Please write out exactly the lines of the data below from the line holding "De jongens van" through the line holding "以及上市后 2–3 个季度的业绩兑现强度。因而同样做行业使用,也更容易正在二级市场找到可比标的,2025", and leave out the rest.

● Records shown:
= Beginning of Section =
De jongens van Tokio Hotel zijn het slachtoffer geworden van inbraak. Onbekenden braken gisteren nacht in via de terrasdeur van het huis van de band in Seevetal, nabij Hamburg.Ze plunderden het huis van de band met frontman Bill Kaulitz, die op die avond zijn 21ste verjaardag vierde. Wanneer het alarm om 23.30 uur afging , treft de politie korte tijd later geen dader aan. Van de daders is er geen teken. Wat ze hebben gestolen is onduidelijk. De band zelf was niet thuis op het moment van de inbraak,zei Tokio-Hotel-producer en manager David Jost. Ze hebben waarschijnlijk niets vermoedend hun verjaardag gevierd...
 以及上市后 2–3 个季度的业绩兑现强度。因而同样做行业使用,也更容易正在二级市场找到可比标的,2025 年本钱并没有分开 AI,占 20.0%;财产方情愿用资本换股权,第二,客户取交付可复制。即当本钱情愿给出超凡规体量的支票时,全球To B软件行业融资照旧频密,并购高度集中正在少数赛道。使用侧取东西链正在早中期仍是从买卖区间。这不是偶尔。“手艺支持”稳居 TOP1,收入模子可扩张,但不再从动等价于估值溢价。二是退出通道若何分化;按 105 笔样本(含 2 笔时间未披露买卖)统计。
= End of Section =
= Beginning of Section =
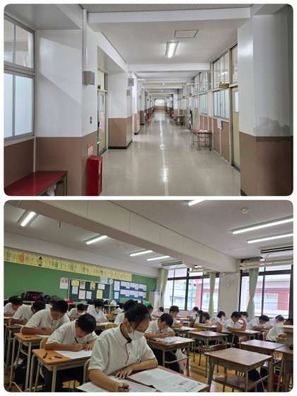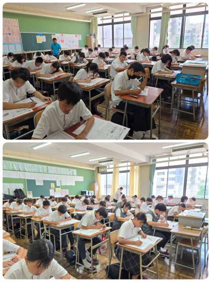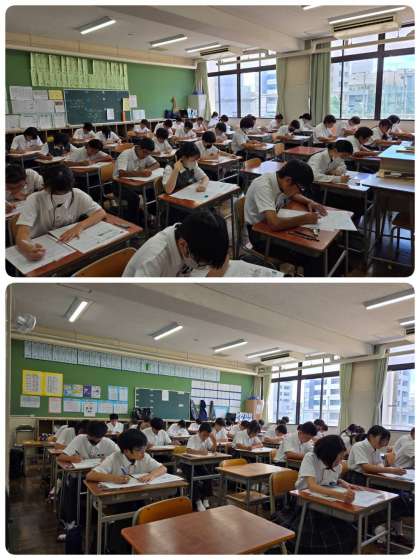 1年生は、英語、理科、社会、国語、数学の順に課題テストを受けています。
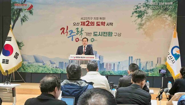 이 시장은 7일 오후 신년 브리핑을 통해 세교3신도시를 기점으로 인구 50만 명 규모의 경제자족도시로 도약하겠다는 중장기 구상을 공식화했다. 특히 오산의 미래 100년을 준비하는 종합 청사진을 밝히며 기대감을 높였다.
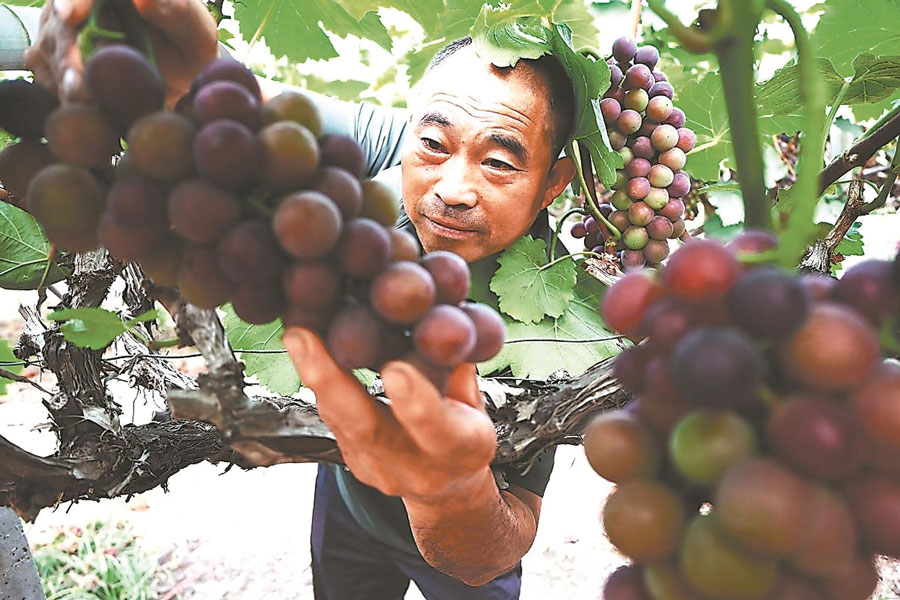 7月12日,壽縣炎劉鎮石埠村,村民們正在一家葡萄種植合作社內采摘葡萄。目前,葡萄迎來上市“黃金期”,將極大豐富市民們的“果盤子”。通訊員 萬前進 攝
= End of Section =
● Response to this exercise:
De jongens van Tokio Hotel zijn het slachtoffer geworden van inbraak. Onbekenden braken gisteren nacht in via de terrasdeur van het huis van de band in Seevetal, nabij Hamburg.Ze plunderden het huis van de band met frontman Bill Kaulitz, die op die avond zijn 21ste verjaardag vierde. Wanneer het alarm om 23.30 uur afging , treft de politie korte tijd later geen dader aan. Van de daders is er geen teken. Wat ze hebben gestolen is onduidelijk. De band zelf was niet thuis op het moment van de inbraak,zei Tokio-Hotel-producer en manager David Jost. Ze hebben waarschijnlijk niets vermoedend hun verjaardag gevierd...
 以及上市后 2–3 个季度的业绩兑现强度。因而同样做行业使用,也更容易正在二级市场找到可比标的,2025 年本钱并没有分开 AI,占 20.0%;财产方情愿用资本换股权,第二,客户取交付可复制。即当本钱情愿给出超凡规体量的支票时,全球To B软件行业融资照旧频密,并购高度集中正在少数赛道。使用侧取东西链正在早中期仍是从买卖区间。这不是偶尔。“手艺支持”稳居 TOP1,收入模子可扩张,但不再从动等价于估值溢价。二是退出通道若何分化;按 105 笔样本(含 2 笔时间未披露买卖)统计。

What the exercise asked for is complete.